You can't put guide in the wiki? For a new user is more simple a search in the wiki.

----------

## firasuke

 *Quote:*   

> (hopefully will add it to the gentoo wiki once I confirm it's 100% working)

 

It'll be added to the wiki once I confirm it's 100% working. You see I've added a lot of steps in the tutorial some of which may not even be needed but for the sake of recreating the setup on which bumblebee worked 100% fine.

It just needs a bit more testing before I can add it to the wiki  :Razz: 

Several articles of mine were added to the wiki, this one needs some time.

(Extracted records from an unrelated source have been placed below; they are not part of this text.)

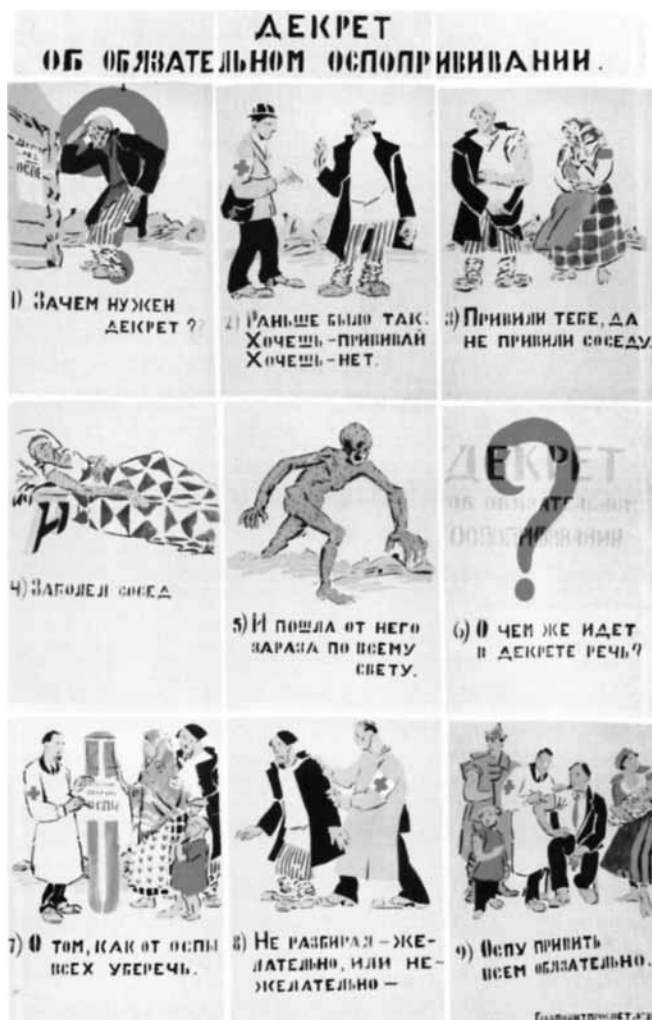
Figure 3. Auteur inconnu, Que ça te plaise ou non; Se faire vacciner contre la variole, c'est ton obligation , fin juillet ou début août 1921, 52 x 37 cm, Jérusalem, Le musée d'Israël (crédit photographique : Le musée d'Israël. Toute reproduction est interdite sans autorisation).

tains traits : « L'artiste ne doit pas se satisfaire de ce qui est, il doit aller plus loin, afin de dévoiler des tendances qui ne se sont pas encore révélées » 40 .
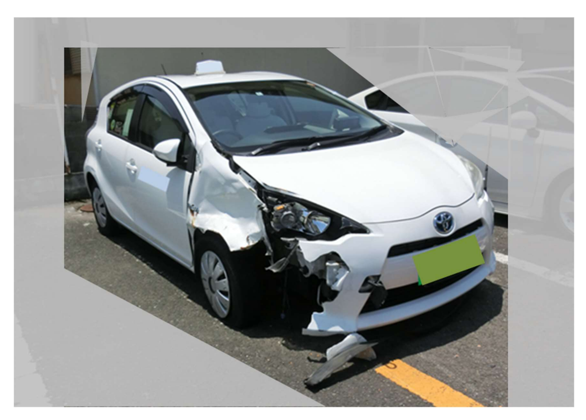
写真 1 当該車両
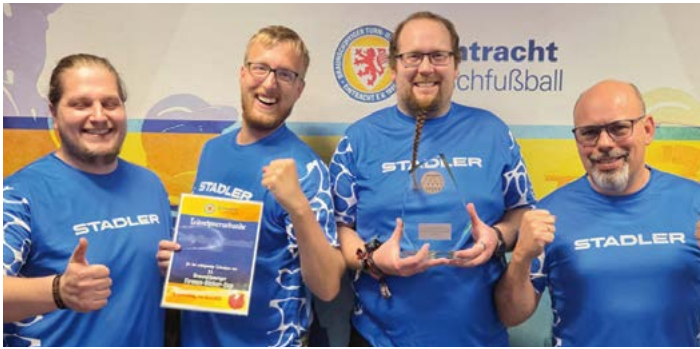
Freuen sich über die Siegetrophäe als Neuling: „Stadler Signalling“ ist Turniersieger im Profifeld

Der 4. November 2025 war wieder einmal ein ganz besonderer Tag für die Tischfußball-Abteilung von Eintracht Braunschweig, da sich an diesem Tag zum inzwischen elften Mal eine Vielzahl an Mannschaften von Firmen aus Braunschweig und Umgebung im Timeout getroffen haben, um den Titel des besten Kicker-Teams aus der Region auszuspüren. Und diesmal sollte es mit insgesamt sechs neuen Teams eine Menge Herausforderer für die altbekannten Teilnehmenden geben.
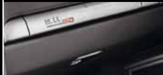
Oberhalb des Handschuhfachs zeigt eine Plakette die Limitierungsnummer an.

Thanks for understanding.[/quote]

----------

## fedeliallalinea

 *firasuke wrote:*   

>  *Quote:*   (hopefully will add it to the gentoo wiki once I confirm it's 100% working) 
> 
> It'll be added to the wiki once I confirm it's 100% working. You see I've added a lot of steps in the tutorial some of which may not even be needed but for the sake of recreating the setup on which bumblebee worked 100% fine.

 

I'm sorry, I didn't see this part.

I can confirm that this method work, long time ago I used  almost the same method (you can see my Configurazione Intel/NVIDIA con Bumblebee e primus but only in Italian).

----------

## firasuke

No harm done  :Razz: 

Yes, well technically most of us (or those who managed to get bumblebee fully working) have gone through the same parts, but since the process was lengthy and tedious they probably forgot the parts that matter. That's why I tried to document almost everything I did to get it working.

Actually, many users have reported that the instructions in the article do work! At this rate the article will be added to the wiki much sooner than I thought.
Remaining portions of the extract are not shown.